The gospel prospect of a new birth is a win-win for all. Salvation is a result of putting the old life to death. Baptism and suicide are very similar. In fact, Knofel Staton used to put it this way. The best thing that could happen to a new Christian would be to hold them under at baptism. “I . . . baptize . . . you . . . in the name . . . of the Father . . .” At baptism, the faithful one gives his life and God takes his life and he is raised in the newness of life. Baptism puts to death the old and raises the new in the likeness of the resurrection of Christ (Romans 6).
Like the movie The Matrix, we have two choices: the blue pill, which takes us back to a lie, or the red pill which leads us to the truth by putting to death the past. One of those memorable quotes by the character named Morpheus describes the absence of life if the blue pill is taken, is compared to the life of a “Slave, born into bondage.”
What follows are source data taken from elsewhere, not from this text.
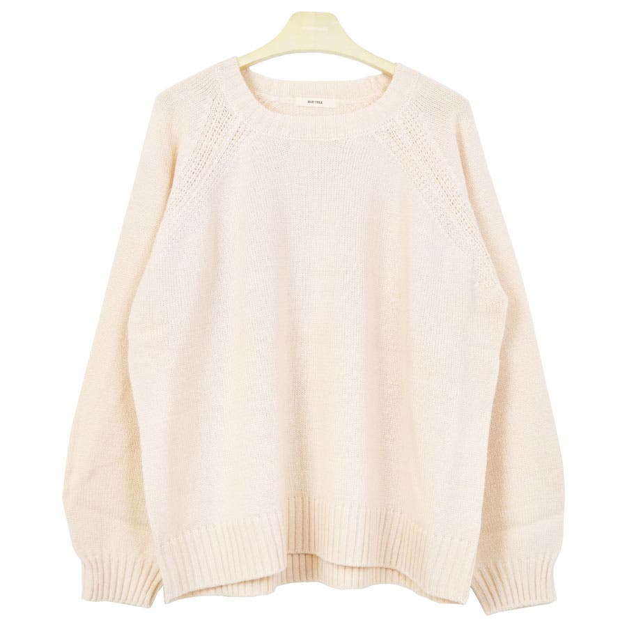 【ニット セーター レディース トップス ざっくり ローゲージ ウール混 シンプル 無地 長袖 ラグラン ラグランニット 丸首 クルーネック カジュアル ボリューム袖 ワイド ゆったり プルオーバー たっぷり 可愛い 着回し 大きめ】
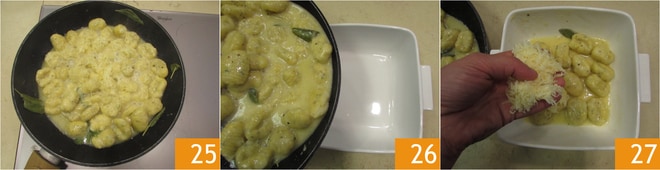 Mischen Sie, um zu emulgieren 25. Gießen Sie die Hälfte der Gnocchi in eine Auflaufform von 20x20 cm 26, bestreuen Sie die Oberfläche mit der Hälfte des restlichen Käses 27.
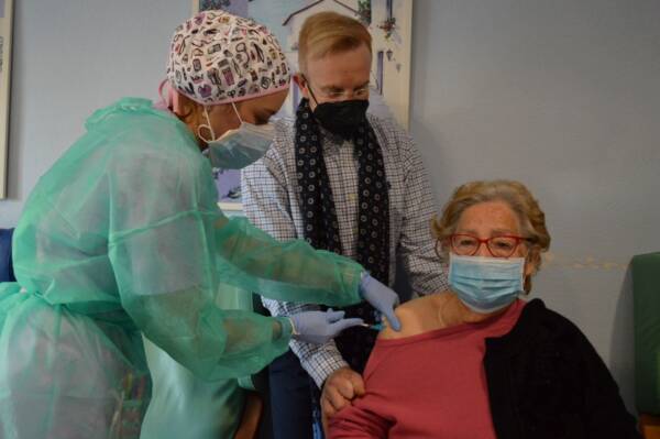 La campaña ha comenzado hoy a las 9:30 de la mañana con la vacunación de Diego Romero Tárraga de 75 años, y de Manuela Bernabeu Valero de 84 años. residentes del centro.
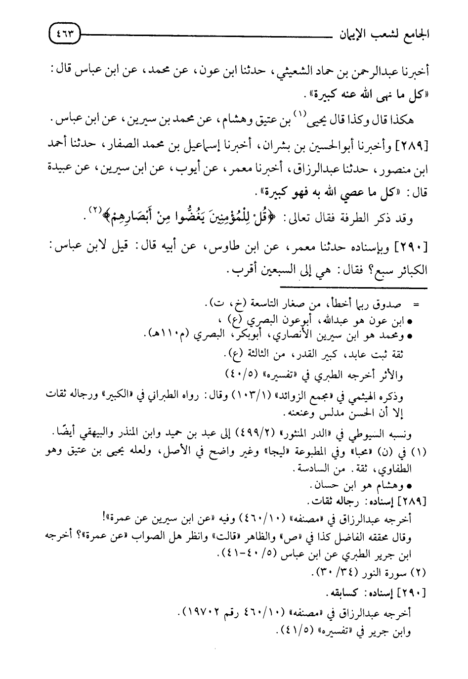 289 - وأَخْبَرَنَا أَبُو الْحُسَيْنِ بْنُ بِشْرَانَ، أَخْبَرَنَا إِسْمَاعِيلُ بْنُ مُحَمَّدٍ الصَّفَّارُ، حدثنا أَحْمَدُ بْنُ مَنْصُورٍ، حدثنا عَبْدُ الرَّزَّاقِ، أَخْبَرَنَا مَعْمَرٌ، عَنْ أَيُّوبَ، عَنِ ابْنِ سِيرِينَ، عَنْ عُبَيْدَةَ قَالَ: " §كُلُّ مَا عُصِيَ اللهُ بِهِ فَهُوَ كَبِيرَةٌ، وَقَدْ ذَكَرَ الطَّرْفَةَ فَقَالَ تَعَالَى: {قُلْ لِلْمُؤْمِنِينَ يَغُضُّوا مِنْ أَبْصَارِهِمْ} [النور: 30] "
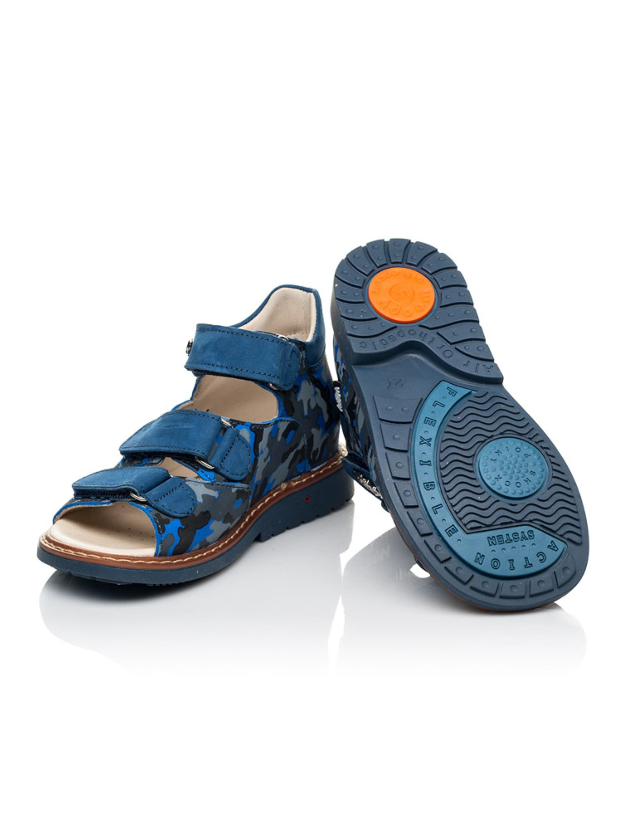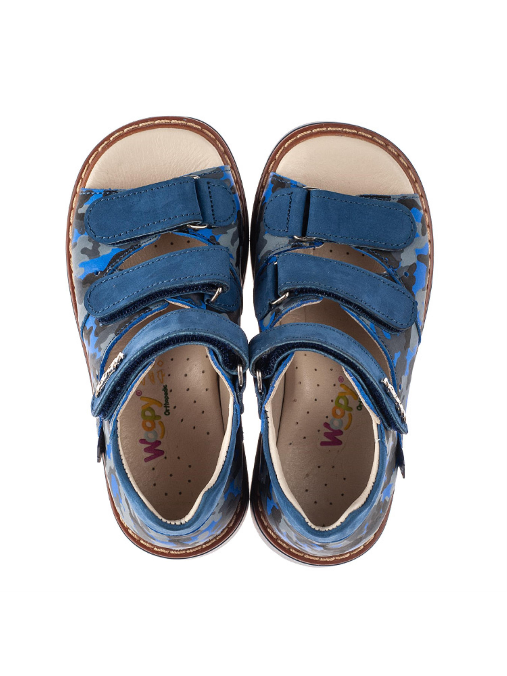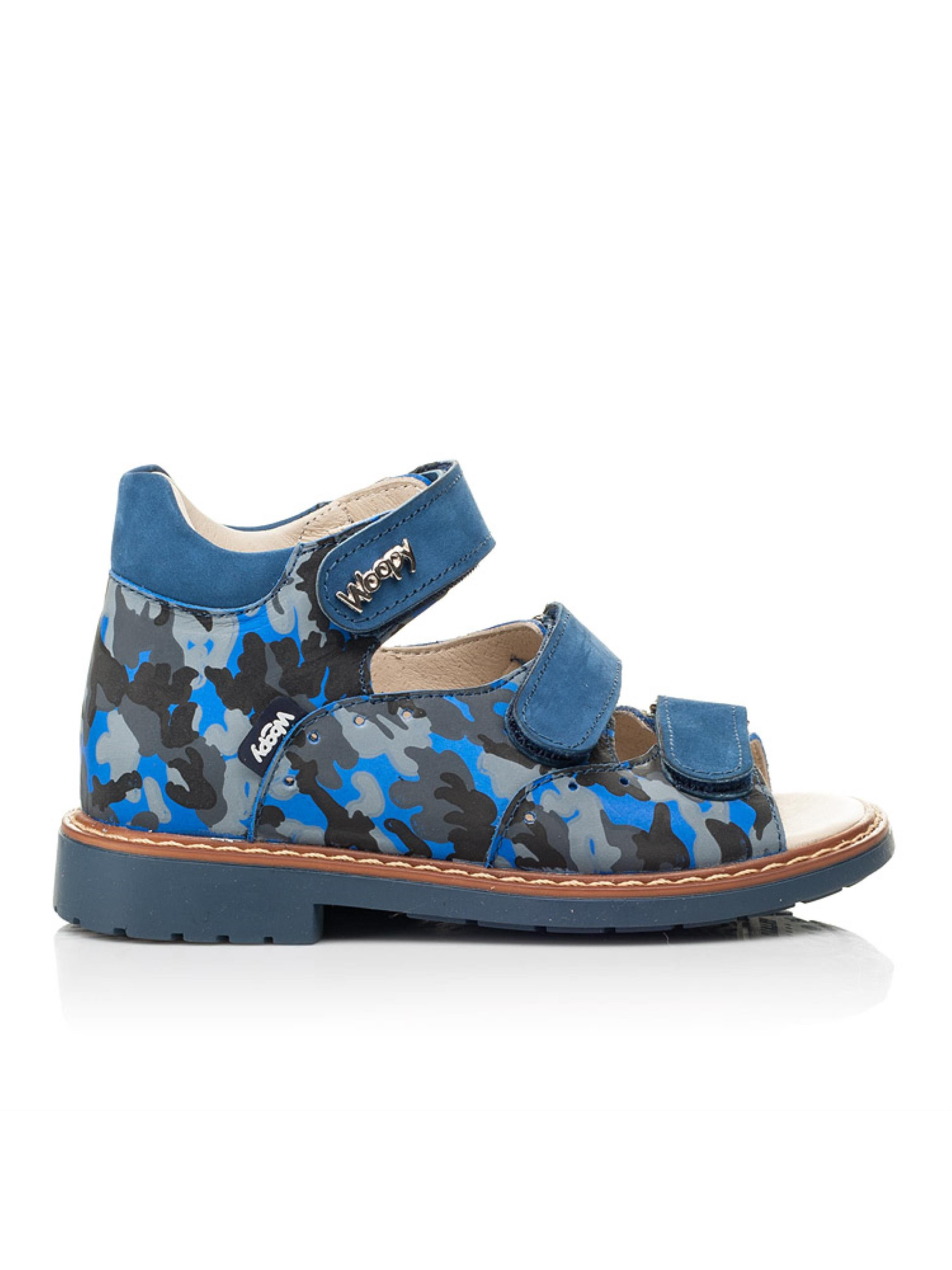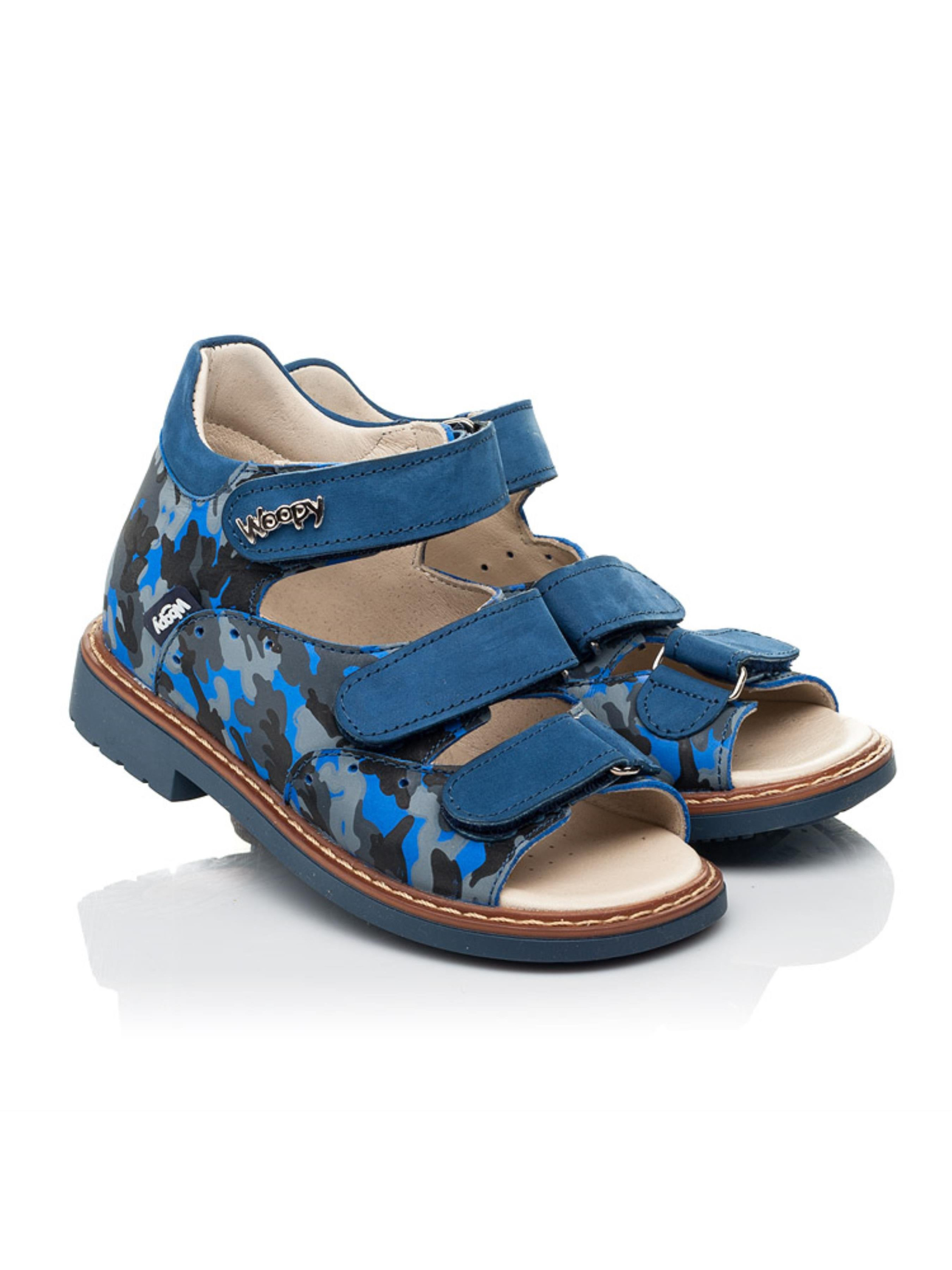 Справжній шедевр дитячого взуття - босоніжки для хлопчика від бренду Woopy з натурального нубука синього кольору. Застосування напилення дозволило створити неповторний камуфляжний візерунок. З метою профілактики дитячі босоніжки для хлопчика мають всі важливі елементи дитячого взуття: каблук Томаса, жорсткий задник, супінатор та анатомічну устілку. Всі ці елементи надзвичайно важливі для правильного формування та розвитку дитячої стопи. Надійну фіксацію ніжки в босоніжках забезпечать три застібки липучки. Верхні липучка оздоблена фірмовим логотипом виробника. Ортопедично правильні босоніжки подарують неймовірні враження від тривалих активних прогулянок в теплу пору року.
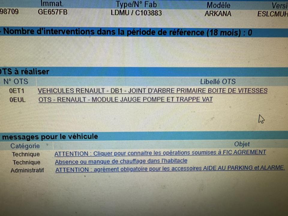 La deuxième OTS la plus importante, en volume, reste de couleur bleue. Elle a reçu le code 0EUL et touche cette fois 37 735 exemplaires du premier SUV-coupé au losange, tous assemblés entre le 1er octobre 2021 et le 26 septembre 2022. C'est donc bien avant le discret restylage de l'Arkana. Le service communication de la marque précise en outre que "nous ciblons large pour éviter des désagréments potentiels à nos clients, mais les sujets ne concernent que quelques véhicules à chaque fois". Cette intervention consiste à reprogrammer deux calculateurs (HECM et HEVC dans le jargon des ingénieurs) afin d'éviter l'apparition du témoin orange "Vérifier système électrique" au tableau de bord, ou, à l’arrêt du véhicule, du message rouge "Panne électrique danger" suivi d'une impossibilité de redémarrer.
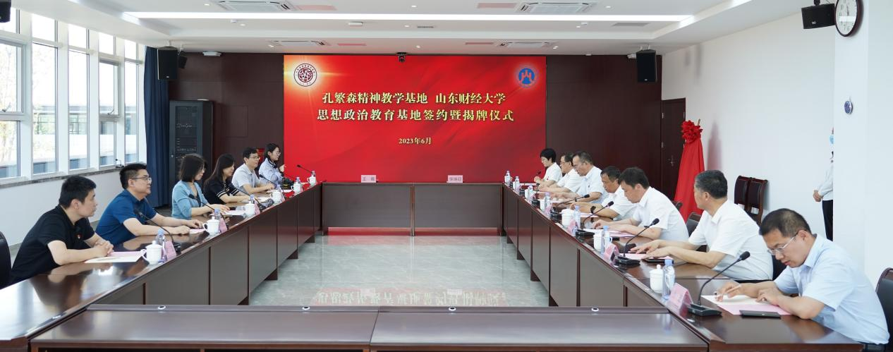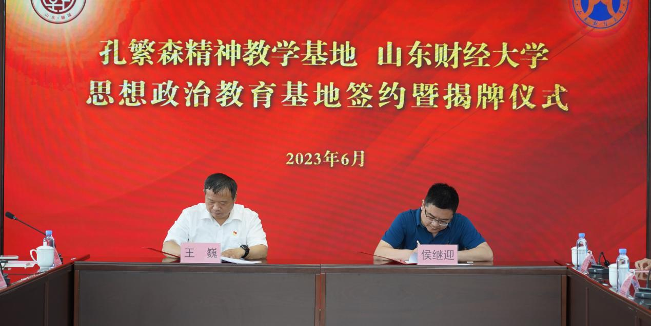 6月6日上午,山东财经大学马克思主义学院和聊城市孔繁森精神教学基地(孔繁森同志纪念馆)举行了“山东财经大学思想政治教育基地”签约暨揭牌仪式。山东财经大学马克思主义学院院长徐莹、研究生院副院长刘若斌、马克思主义学院副院长侯继迎,孔繁森精神教学基地服务中心主任王巍、副主任孔宪军等出席活动。
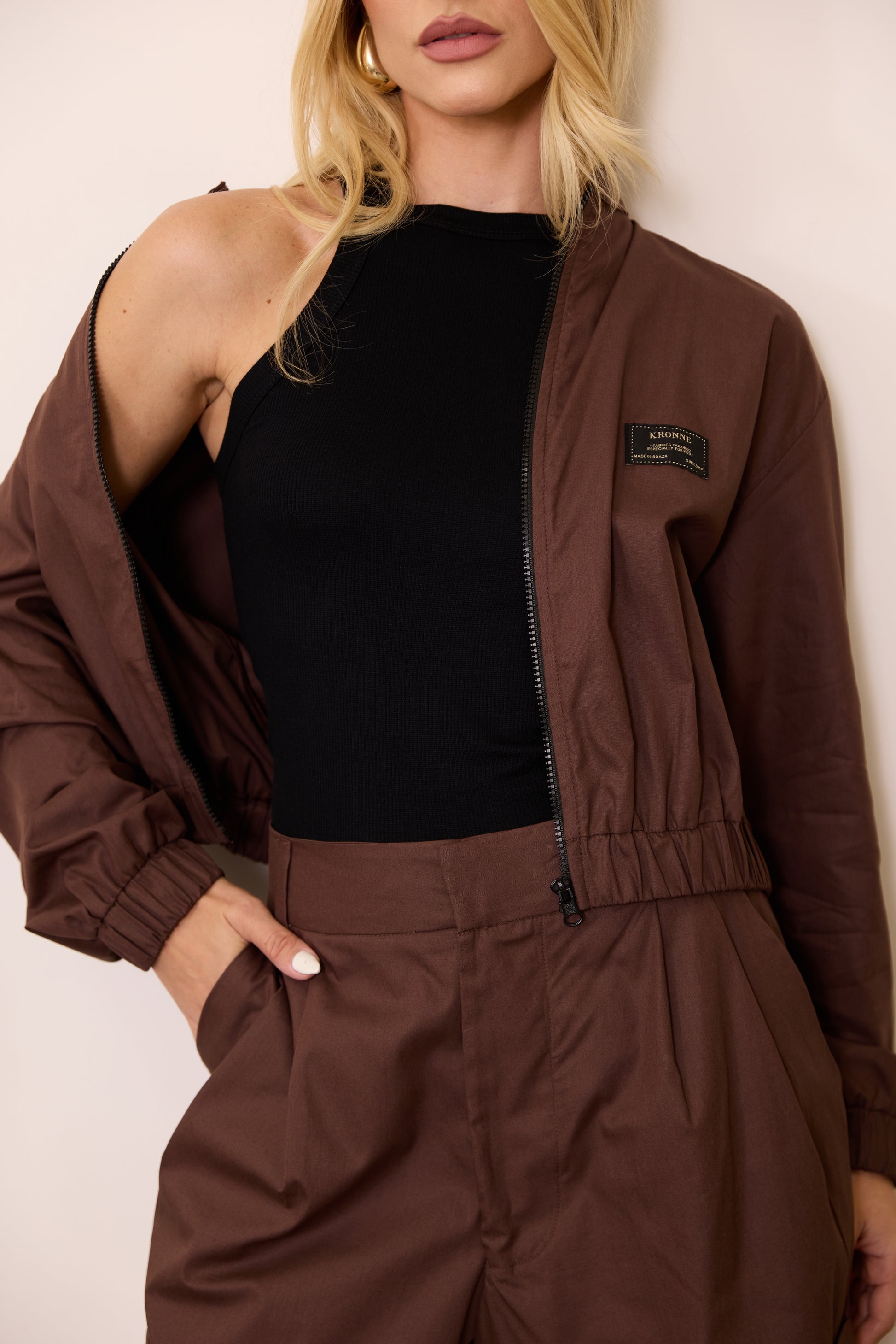 Bomber com comprimento menor, manga longa com zíper na frente e etiqueta. Confeccionada em tricoline.
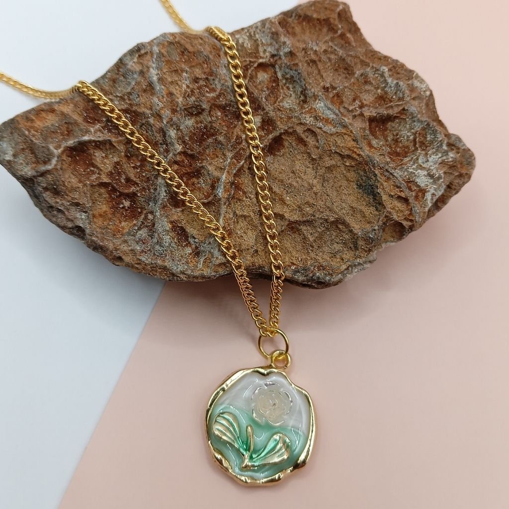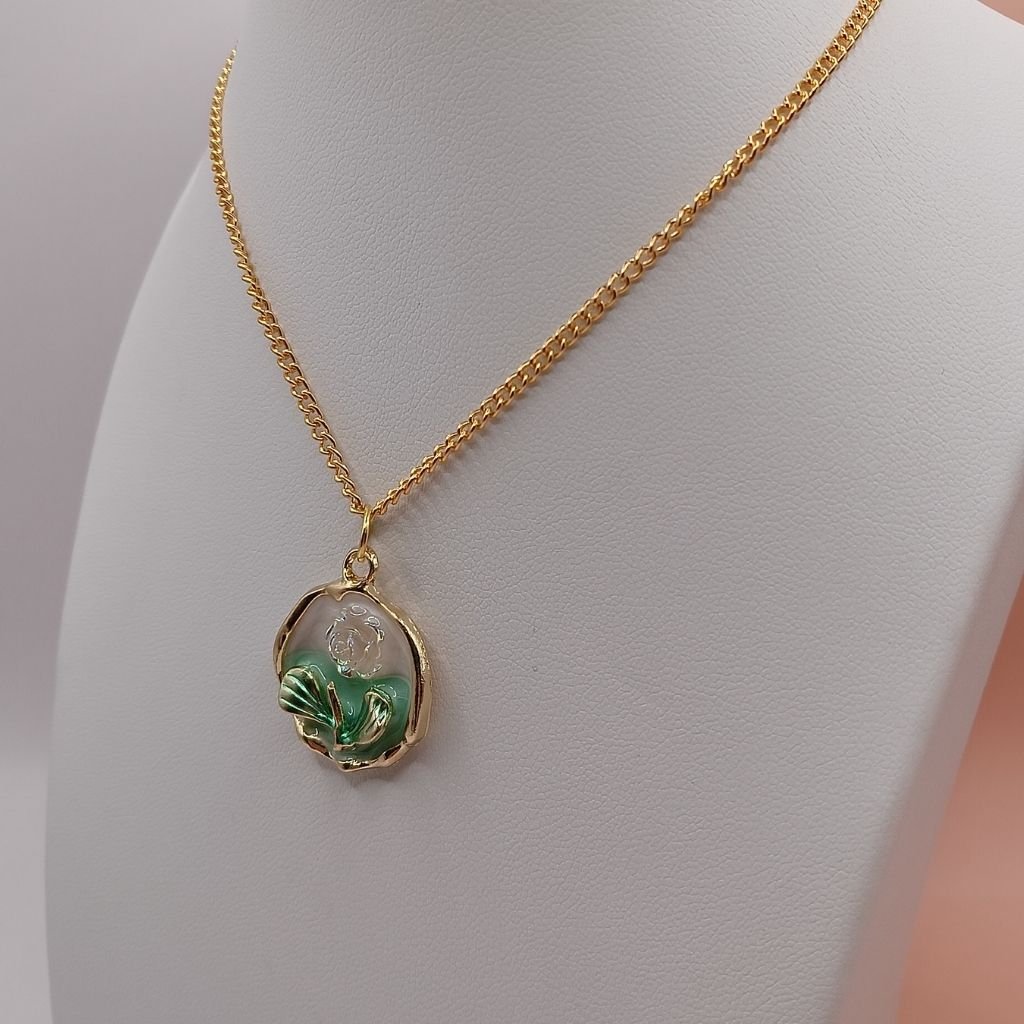 ομψό κολιέ από ανοξείδωτο ατσάλι με χρυσή αλυσίδα και ιδιαίτερο μενταγιόν που αποτυπώνει ένα λουλούδι σε διάφανο και πράσινο σμάλτο.
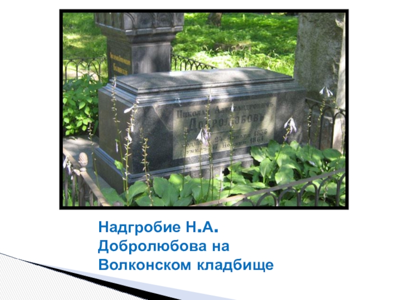 Слайд 38Надгробие Н.А. Добролюбова на Волконском кладбище
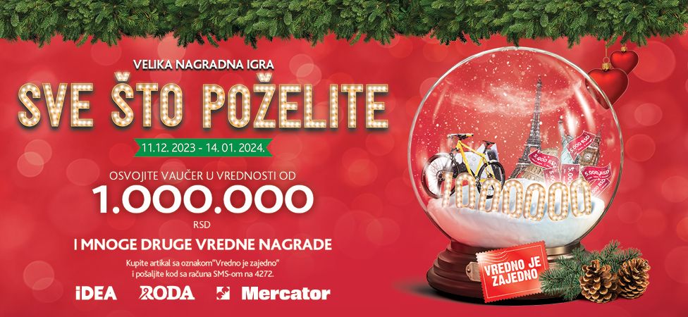 Idea, Roda i Mercator vam žele mnogo sreće tokom ove nagradne igre zato što će najsrećniji među nama osvojiti glavnu nagradu, a to je vaučer od čak 1.000.000 dinara za godišnju kupovinu u svim našim prodavnicama.
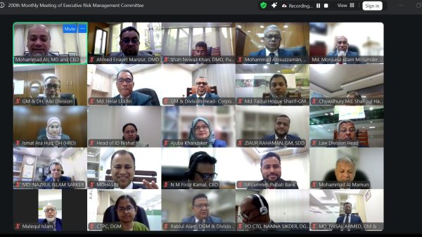 পূবালী ব্যাংক পিএলসির এক্সিকিউটিভ রিস্ক ম্যানেজমেন্ট কমিটির (ইআরএমসি) ২০০তম সভা সম্প্রতি ভার্চুয়াল প্ল্যাটফর্মের মাধ্যমে অনুষ্ঠিত হয়েছে। ব্যবস্থাপনা পরিচালক ও প্রধান নির্বাহী কর্মকর্তা মোহাম্মদ আলী প্রধান অতিথি হিসেবে এবং উপ-ব্যবস্থাপনা পরিচালক-
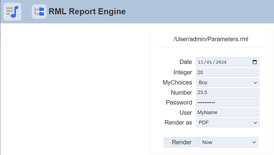 Select the desired format (PDF or XLSX) from the drop-down list and click on the “Render” button. The report is generated using the DS file as content and the RML file as template. If the browser permits, the report is displayed in another tab.

The cross which was streaked red with the blood of Christ is the path to Truth and end to the bondage into which sin had bound us. At the resurrection, tombs were opened and a proclamation was heralded to those chained in the prison of death. Jesus is ALIVE!
In the beginning, asked what does a follower of Christ look like? He walks not in the tradition of the darkness of death but in the liberation of the freedom of life (Luke 1:79).
Life is in the love and encouragement of others because we first knew the love of Christ who saved us from death. We encourage death, however, when we refuse to love. We kill when we tear down and discourage another. A Christian with a tendency toward death will neither love, nor forgive. He will discourage because life is not in him. “Whoever has the Son has life; whoever does not have the Son of God does not have life.” (1 John 5:12)
Death is in the spectators who sit in the pews and do nothing but expect death. Life is in the expectation of the exercise of our faith by losing our life to find it. Would you forsake the tradition of death and for life’s sake:
• Would you take on a ministry you’d never considered doing before?
• Would you forgive that person you’ve hated for years?
• Would you talk to that friend or relative who you know would end up in hell?
Does Crawford County know of an alive church with all the discussion of the “cancer of poverty” and the Crawford Conversation—how great on opportunity is there?
Leave here today walking in the knowledge of life not in the tradition of death. There is a famous song that has the line, “I’m alive because He lives.” Is Jesus alive? Yes. Is His Word alive? Yes. Is the body of Jesus alive? Yes. Be alive.
Be the light and love of Christ that his life may be in you and the world will know that there is life among the dead.